Information shown:
=-=-=
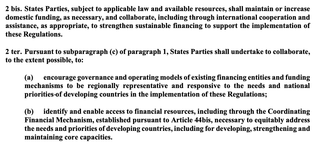 The Committee notes that, under Article 44, WHO already has a role, in collaboration with States Parties, to mobilize financial resources, and cautions against creating an explicit financing function for WHO under the Regulations.”
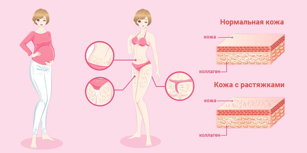 Подобные изменения негативно отражаются на коже. Она быстро и сильно растягивается, а количества эластина и коллагена, вырабатываемого организмом, не хватает для компенсирования данного процесса. Эти вещества ответственны за эластичность, а также тонус кожного покрова. Если деформационные изменения дермы происходят слишком быстро, они просто «не поспевают» за подобным ритмом.
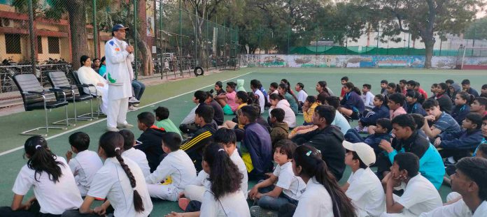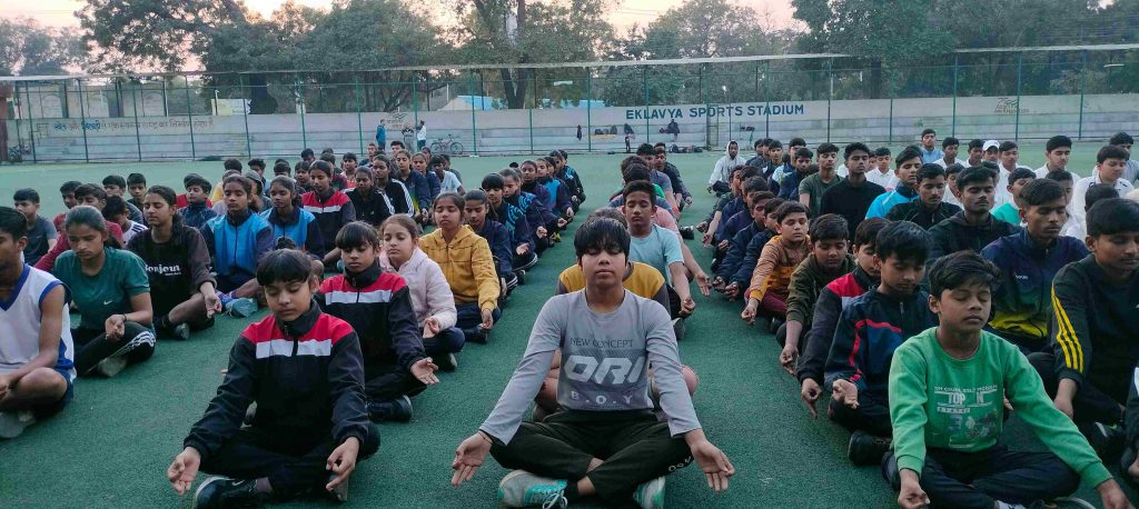 आगरा, उत्तर प्रदेश: एकलव्य स्पोर्ट्स स्टेडियम में स्पोर्ट्स विंग नेशनल कॉर्डिनेटर बी के जगबीर भाई जी खिलाड़ियों और कोचेस को दिए मन को खेल के दौरान या किसी भी विपरीत परिस्थिति में एकाग्र करने की टिप्स। आगरा स्पोर्ट्स विंग कॉर्डिनेटर बी के संगीता बहन ने बताया, कंपटीशन के दौरान बॉडी लैंगुएज चेंज होने के कारण और उसे कंट्रोल करने की विधि राजयोग मेडिटेशन, साथ प्रोग्राम के अंत में खिलाड़ियों ने मेडिटेशन का अभ्यास किया।
=-=-=
Your goal: Exactly as they stand, set down the lines from the start of the material through the line with "Подобные изменения негативно", both ends included, omitting the pictures.

Exercise result:
 The Committee notes that, under Article 44, WHO already has a role, in collaboration with States Parties, to mobilize financial resources, and cautions against creating an explicit financing function for WHO under the Regulations.”
 Подобные изменения негативно отражаются на коже. Она быстро и сильно растягивается, а количества эластина и коллагена, вырабатываемого организмом, не хватает для компенсирования данного процесса. Эти вещества ответственны за эластичность, а также тонус кожного покрова. Если деформационные изменения дермы происходят слишком быстро, они просто «не поспевают» за подобным ритмом.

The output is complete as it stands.